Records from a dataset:

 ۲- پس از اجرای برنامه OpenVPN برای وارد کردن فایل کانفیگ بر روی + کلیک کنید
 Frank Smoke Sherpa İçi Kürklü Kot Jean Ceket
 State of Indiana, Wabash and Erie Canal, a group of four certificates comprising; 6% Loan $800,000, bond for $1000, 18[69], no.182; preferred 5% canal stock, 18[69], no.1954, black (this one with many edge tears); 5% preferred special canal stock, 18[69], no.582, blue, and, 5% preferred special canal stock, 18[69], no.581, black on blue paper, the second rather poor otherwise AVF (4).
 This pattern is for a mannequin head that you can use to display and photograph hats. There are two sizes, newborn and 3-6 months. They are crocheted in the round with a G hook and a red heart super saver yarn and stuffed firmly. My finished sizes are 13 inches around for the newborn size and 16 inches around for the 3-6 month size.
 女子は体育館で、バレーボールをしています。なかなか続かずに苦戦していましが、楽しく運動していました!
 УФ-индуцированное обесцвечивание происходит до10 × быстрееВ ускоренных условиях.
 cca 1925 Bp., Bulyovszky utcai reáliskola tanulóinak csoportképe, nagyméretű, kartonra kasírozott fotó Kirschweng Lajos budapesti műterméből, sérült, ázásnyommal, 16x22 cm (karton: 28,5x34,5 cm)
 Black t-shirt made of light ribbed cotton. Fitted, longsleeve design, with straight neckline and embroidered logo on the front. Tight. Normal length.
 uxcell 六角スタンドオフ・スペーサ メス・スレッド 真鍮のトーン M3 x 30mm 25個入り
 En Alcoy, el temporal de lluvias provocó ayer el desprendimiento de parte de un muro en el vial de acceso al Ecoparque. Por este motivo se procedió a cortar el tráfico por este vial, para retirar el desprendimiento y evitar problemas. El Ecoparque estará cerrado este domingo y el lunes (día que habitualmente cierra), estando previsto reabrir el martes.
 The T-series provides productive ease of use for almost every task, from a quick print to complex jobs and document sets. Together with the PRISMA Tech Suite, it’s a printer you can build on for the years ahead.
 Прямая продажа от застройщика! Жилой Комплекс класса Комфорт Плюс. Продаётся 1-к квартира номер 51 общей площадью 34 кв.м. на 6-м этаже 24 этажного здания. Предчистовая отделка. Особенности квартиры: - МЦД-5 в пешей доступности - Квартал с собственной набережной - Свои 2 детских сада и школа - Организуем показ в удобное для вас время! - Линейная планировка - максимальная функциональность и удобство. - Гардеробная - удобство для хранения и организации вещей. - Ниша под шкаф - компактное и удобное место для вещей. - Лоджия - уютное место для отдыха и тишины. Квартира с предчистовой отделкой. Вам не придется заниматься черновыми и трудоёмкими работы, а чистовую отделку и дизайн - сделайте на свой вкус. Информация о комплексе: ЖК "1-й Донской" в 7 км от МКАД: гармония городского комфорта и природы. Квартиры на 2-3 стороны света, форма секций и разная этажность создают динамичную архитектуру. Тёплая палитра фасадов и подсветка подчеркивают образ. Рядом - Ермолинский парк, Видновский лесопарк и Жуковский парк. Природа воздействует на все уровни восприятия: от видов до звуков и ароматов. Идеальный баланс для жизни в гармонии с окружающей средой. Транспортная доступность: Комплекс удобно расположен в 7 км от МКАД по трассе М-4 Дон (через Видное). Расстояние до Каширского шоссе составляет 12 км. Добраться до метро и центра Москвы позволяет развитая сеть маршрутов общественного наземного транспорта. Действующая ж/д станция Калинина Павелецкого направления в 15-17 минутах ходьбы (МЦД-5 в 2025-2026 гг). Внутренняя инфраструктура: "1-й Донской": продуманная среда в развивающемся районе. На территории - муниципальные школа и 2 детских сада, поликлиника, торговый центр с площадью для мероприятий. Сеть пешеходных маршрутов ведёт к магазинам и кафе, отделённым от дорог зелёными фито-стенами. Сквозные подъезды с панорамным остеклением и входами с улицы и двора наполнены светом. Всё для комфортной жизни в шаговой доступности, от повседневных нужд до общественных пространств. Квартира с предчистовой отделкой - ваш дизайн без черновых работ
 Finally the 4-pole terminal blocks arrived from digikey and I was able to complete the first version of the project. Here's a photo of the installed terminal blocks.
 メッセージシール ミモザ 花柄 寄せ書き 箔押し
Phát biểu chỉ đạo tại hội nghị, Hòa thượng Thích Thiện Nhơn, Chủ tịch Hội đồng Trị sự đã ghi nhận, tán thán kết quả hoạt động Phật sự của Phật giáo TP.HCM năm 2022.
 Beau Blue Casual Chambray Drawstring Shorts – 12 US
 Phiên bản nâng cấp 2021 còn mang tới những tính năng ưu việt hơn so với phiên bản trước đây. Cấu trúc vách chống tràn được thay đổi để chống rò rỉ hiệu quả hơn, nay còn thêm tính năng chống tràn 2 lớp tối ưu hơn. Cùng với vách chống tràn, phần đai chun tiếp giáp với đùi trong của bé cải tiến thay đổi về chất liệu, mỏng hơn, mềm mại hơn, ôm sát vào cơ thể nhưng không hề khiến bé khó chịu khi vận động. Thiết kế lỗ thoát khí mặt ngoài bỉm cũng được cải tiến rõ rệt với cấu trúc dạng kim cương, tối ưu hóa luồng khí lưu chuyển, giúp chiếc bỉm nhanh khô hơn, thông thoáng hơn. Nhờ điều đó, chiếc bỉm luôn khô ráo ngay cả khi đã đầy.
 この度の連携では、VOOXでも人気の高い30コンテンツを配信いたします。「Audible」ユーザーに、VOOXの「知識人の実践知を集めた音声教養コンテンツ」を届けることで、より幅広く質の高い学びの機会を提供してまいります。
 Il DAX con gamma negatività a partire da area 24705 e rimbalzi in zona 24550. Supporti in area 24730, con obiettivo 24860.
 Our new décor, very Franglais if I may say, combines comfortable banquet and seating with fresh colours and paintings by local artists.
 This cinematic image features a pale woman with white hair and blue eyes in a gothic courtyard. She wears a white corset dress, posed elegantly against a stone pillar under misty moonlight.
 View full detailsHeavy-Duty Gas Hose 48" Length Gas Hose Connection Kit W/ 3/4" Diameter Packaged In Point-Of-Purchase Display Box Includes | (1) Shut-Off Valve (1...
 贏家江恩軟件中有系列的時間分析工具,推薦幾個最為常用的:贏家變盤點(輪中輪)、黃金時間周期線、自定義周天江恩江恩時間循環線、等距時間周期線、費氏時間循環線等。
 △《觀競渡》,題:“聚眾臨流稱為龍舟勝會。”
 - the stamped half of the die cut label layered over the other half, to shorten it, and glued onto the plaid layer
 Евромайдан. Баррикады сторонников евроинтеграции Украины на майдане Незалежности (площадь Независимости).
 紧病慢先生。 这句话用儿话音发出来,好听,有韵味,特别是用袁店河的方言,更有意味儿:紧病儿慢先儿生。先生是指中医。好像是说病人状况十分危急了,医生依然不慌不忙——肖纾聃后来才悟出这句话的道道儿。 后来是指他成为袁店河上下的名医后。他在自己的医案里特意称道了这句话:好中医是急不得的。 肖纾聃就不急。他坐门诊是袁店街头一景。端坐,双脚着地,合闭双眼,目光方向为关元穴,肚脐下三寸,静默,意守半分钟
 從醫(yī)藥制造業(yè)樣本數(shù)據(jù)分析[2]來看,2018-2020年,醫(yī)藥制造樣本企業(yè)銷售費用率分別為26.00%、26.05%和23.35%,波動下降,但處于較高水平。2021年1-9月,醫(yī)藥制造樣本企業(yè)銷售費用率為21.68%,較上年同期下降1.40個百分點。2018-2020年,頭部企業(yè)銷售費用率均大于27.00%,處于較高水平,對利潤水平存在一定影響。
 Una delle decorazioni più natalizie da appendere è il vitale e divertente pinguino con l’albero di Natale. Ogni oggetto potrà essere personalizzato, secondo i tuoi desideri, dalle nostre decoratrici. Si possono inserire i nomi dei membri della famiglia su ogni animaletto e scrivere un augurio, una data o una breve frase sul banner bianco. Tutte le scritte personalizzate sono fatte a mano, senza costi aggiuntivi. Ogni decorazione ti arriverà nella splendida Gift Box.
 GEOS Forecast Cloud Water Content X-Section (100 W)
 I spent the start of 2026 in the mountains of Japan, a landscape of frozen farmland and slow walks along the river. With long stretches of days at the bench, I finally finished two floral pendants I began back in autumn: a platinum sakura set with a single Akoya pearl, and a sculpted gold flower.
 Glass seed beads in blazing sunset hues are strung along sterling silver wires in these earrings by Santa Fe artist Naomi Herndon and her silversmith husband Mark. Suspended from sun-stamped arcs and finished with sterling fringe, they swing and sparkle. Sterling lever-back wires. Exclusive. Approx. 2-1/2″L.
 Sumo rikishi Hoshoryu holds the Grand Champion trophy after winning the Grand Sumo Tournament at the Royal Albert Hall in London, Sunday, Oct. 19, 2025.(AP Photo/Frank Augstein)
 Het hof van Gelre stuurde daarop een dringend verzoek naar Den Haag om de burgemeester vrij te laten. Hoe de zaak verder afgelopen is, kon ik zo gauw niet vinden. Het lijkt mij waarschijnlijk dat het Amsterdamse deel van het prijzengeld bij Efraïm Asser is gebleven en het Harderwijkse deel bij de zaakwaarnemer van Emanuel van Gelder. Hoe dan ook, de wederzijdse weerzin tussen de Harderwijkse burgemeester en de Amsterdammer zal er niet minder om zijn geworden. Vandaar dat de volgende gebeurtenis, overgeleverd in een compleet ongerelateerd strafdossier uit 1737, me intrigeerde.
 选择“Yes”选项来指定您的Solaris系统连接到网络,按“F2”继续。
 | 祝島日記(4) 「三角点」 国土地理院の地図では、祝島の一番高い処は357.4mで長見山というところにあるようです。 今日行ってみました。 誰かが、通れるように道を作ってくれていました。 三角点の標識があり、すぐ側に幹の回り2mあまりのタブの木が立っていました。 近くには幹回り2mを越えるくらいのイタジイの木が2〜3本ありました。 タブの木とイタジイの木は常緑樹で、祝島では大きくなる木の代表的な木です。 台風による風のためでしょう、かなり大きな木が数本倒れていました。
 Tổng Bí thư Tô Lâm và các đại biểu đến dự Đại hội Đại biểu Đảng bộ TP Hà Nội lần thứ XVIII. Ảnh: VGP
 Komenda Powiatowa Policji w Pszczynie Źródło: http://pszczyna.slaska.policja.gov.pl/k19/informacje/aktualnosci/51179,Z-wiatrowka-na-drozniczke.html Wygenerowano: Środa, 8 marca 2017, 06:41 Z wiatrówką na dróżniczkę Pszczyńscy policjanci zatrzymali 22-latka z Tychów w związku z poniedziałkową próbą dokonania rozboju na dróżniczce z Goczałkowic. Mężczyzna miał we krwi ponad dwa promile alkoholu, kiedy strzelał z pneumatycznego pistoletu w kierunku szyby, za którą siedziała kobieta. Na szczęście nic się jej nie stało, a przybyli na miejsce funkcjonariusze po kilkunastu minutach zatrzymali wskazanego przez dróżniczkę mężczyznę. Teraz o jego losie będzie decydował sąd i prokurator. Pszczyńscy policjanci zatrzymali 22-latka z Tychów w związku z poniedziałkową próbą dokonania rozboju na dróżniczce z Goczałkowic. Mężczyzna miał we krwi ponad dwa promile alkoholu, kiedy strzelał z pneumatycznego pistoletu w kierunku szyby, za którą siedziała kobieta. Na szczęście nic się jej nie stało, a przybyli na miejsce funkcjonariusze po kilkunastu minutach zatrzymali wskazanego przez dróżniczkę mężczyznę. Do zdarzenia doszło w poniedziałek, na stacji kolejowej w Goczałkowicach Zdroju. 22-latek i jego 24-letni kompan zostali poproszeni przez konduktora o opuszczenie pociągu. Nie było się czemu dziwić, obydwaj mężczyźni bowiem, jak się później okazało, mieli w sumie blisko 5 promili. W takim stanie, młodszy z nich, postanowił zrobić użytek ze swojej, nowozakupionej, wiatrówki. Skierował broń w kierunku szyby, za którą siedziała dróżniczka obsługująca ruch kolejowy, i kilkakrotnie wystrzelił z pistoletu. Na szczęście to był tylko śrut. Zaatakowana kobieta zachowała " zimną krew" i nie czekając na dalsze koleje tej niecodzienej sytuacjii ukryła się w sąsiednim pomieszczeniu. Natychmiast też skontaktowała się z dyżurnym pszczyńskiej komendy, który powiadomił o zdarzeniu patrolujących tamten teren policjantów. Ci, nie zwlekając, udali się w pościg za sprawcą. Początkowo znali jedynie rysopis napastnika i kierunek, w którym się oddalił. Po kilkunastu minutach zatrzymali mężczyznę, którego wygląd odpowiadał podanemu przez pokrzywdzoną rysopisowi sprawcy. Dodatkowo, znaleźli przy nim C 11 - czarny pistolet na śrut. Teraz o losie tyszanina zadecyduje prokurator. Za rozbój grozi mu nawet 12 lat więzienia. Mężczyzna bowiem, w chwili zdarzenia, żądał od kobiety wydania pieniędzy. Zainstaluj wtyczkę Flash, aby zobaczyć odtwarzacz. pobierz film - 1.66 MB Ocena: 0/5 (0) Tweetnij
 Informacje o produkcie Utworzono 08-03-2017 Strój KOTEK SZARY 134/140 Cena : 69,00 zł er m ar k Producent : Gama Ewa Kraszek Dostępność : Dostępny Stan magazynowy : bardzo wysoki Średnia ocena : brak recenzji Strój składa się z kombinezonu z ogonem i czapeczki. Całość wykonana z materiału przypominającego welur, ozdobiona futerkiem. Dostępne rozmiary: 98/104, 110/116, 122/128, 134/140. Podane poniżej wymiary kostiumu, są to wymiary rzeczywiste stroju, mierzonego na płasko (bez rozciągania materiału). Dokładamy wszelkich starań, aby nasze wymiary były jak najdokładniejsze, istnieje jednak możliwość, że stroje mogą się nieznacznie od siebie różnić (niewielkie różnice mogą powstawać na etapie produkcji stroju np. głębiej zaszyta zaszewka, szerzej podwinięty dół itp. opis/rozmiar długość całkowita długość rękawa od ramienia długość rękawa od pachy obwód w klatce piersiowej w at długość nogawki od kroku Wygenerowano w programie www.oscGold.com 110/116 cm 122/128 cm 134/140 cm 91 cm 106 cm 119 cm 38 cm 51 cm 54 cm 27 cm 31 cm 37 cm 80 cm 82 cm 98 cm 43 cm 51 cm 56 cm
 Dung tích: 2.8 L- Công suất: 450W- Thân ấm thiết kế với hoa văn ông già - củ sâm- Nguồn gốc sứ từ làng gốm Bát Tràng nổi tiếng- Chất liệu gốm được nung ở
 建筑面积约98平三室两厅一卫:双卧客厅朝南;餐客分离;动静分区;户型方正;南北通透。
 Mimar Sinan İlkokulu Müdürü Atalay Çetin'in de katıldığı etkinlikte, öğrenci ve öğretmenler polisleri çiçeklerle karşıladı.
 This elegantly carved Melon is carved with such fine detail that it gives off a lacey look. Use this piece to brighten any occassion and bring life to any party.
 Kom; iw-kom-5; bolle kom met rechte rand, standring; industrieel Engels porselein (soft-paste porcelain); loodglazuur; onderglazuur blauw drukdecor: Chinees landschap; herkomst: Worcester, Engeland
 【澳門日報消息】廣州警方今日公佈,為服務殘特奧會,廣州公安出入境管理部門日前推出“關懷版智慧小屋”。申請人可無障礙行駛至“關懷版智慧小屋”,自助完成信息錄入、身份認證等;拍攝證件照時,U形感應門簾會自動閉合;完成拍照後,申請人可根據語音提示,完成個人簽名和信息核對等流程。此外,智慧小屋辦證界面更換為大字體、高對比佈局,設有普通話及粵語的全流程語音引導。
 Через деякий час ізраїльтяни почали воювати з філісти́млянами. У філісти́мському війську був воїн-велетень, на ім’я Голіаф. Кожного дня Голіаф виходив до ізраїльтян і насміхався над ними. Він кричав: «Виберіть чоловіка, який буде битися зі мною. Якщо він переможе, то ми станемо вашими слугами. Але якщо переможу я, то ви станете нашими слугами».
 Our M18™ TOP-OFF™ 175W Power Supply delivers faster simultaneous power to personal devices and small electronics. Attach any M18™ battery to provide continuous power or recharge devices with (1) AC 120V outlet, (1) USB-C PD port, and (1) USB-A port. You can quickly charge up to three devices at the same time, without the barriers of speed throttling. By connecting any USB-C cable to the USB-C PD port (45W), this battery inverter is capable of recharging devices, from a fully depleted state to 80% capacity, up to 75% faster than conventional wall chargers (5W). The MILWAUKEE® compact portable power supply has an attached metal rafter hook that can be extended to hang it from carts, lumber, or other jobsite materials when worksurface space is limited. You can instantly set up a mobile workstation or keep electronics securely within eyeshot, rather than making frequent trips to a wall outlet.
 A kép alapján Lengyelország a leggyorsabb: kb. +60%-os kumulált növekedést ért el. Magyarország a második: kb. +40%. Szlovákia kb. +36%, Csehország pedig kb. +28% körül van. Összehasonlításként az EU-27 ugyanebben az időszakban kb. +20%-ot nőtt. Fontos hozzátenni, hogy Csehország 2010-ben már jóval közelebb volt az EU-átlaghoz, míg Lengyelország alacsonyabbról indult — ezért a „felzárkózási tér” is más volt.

● WHAT TO WORK ON: Restate word for word the lines of the data above, starting at the line containing "Евромайдан. Баррикады сторонников" and ending at the line containing "從醫(yī)藥制造業(yè)", both included, and nothing more.

● EXERCISE OUTPUT:
 Евромайдан. Баррикады сторонников евроинтеграции Украины на майдане Незалежности (площадь Независимости).
 紧病慢先生。 这句话用儿话音发出来,好听,有韵味,特别是用袁店河的方言,更有意味儿:紧病儿慢先儿生。先生是指中医。好像是说病人状况十分危急了,医生依然不慌不忙——肖纾聃后来才悟出这句话的道道儿。 后来是指他成为袁店河上下的名医后。他在自己的医案里特意称道了这句话:好中医是急不得的。 肖纾聃就不急。他坐门诊是袁店街头一景。端坐,双脚着地,合闭双眼,目光方向为关元穴,肚脐下三寸,静默,意守半分钟
 從醫(yī)藥制造業(yè)樣本數(shù)據(jù)分析[2]來看,2018-2020年,醫(yī)藥制造樣本企業(yè)銷售費用率分別為26.00%、26.05%和23.35%,波動下降,但處于較高水平。2021年1-9月,醫(yī)藥制造樣本企業(yè)銷售費用率為21.68%,較上年同期下降1.40個百分點。2018-2020年,頭部企業(yè)銷售費用率均大于27.00%,處于較高水平,對利潤水平存在一定影響。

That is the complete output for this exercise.